### [Data section]
--- START ---

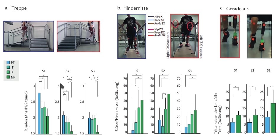 - Hindernislauf: Überwinden zufällig angeordneter Hindernisse unterschiedlicher Größe innerhalb eines Doppelbarrens ohne Zuhilfenahme der Holme. Stürze sowie die Benutzung der Holme, nachdem auf ein Hindernis getreten wurde, wurden als Fehler gewertet, Hängenbleiben an einem Hindernis in der Schwungphase und daraus resultierende Stürze jedoch nicht. Die Fehleranzahl wurde als das Verhältnis zwischen Stürzen und der Anzahl der insgesamt mit den Füßen berührten Hindernisse (mit der Prothese) berechnet.
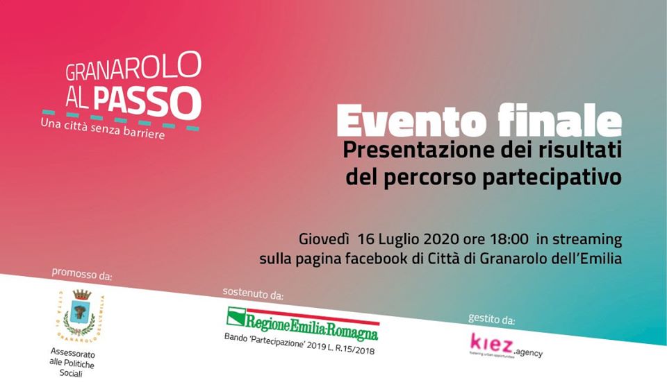 Giovedì 16 luglio dalle ore 18.00 alle 19.00 potrai assistere alla diretta streaming sulla pagina Facebook Città di Granarolo dell’Emilia in cui verranno raccontati i risultati emersi dal percorso ‘Granarolo al passo’
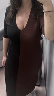 Loved the style but didn't love the opening in the back. The neckline was really low and I had to wear a cami / bra so there was no way to make this look good without a sweater. Would have loved to wear it without the sweater though.
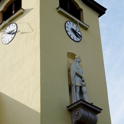 A torony homlokzatán kialakított nem túl mély szoborfülkében az ifjú király alakja látható. Fején koronát visel, oldalán kard. Tulajdonképpen az ember hajlana rá, hogy Imre herceget lássa meg benne, de a fején viselt korona anjou liliomai pontosítja a képet. A kezében tartott töviskoszorú a fent leírt mélyen megélt és gyakorolt vallási életére utal.

--- END ---

### [Instructions to follow]
Write out exactly the run of lines above that starts at the line containing "Giovedì 16 luglio" and ends at the line containing "Loved the style". Include both, and leave the pictures out.

### [Answer]
 Giovedì 16 luglio dalle ore 18.00 alle 19.00 potrai assistere alla diretta streaming sulla pagina Facebook Città di Granarolo dell’Emilia in cui verranno raccontati i risultati emersi dal percorso ‘Granarolo al passo’
 Loved the style but didn't love the opening in the back. The neckline was really low and I had to wear a cami / bra so there was no way to make this look good without a sweater. Would have loved to wear it without the sweater though.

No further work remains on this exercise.